12話 ポリエステル
北府の軍はソンオンを追い、句章へ進軍した。城壁はさほど高くない中堅都市である。ソンオンの軍は原野の戦いで散々に打ち破られ、句章に籠るのは3千人ほどであった。
3万の兵で城を囲む。
「10倍の兵力だからと言って油断するな」
リュウロウシは将校を集めて作戦を伝えた。城壁に梯子をかけて中に侵入し、門を開ける。正攻法の城攻めである。
俺にとっては初めての城攻めである。城壁を見上げる。ソンオンの弓兵が待ち構えている。
「普通に登って行ったら射貫かれるぞ」
「何を当たり前のことを言っている。弓矢に耐えながら登るんだよ」
ボクシは事もなげにさらりと言う。
「ここは身体強化が出来るユウの出番だぞ。先頭で矢を受けてくれ」
「いやいや、そう簡単に言うなよ」
「問題ない。お前は頑丈だ」
攻城戦が始まった。何か所も梯子が掛かる。城壁の上から矢が雨のように降り注いだ。他の歩兵隊は矢に射られ、梯子から落下する者が相次いだ。
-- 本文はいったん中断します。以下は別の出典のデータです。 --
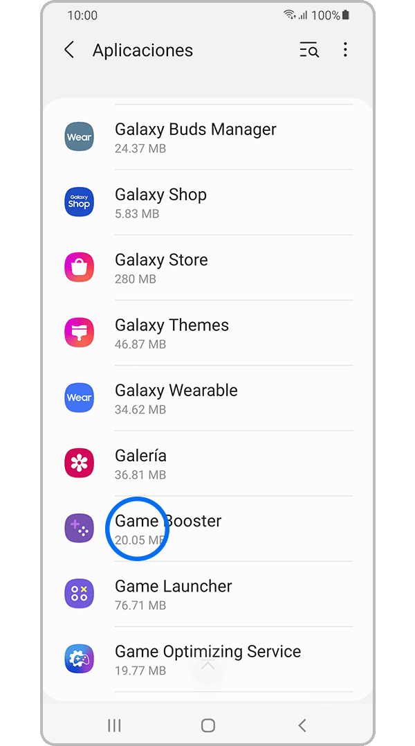 Nota: si Game Booster no aparece en la lista, ve a "Aplicaciones", selecciona el botón "Filtrar y ordenar" y activa "Mostrar aplicaciones del sistema".

追い詰められたソンオンの兵たちは必死に防戦した。
「敵は少ない。こちらの攻撃に全て対処できるわけがない。手を緩めるな」
リュウロウシは太鼓を鳴らし続ける。城壁に掛かる梯子の数が増えていく。
「ユウ、行くぞ。俺たちの番だ」
「仕方ない。俺の後に続け」
俺は全身に力をこめると、体が鉄のように硬くなっていった。先頭で梯子を登る。
矢が来た。
弾き返す。
「化け物だ!登ってくるぞ!」
城壁のソンオンの兵たちは慌てた。ただでさえ防戦一方なのに、矢が通らない巨漢が登ってくるのだ。矢だけでなく煉瓦や石など投げつけたが、びくともしなかった。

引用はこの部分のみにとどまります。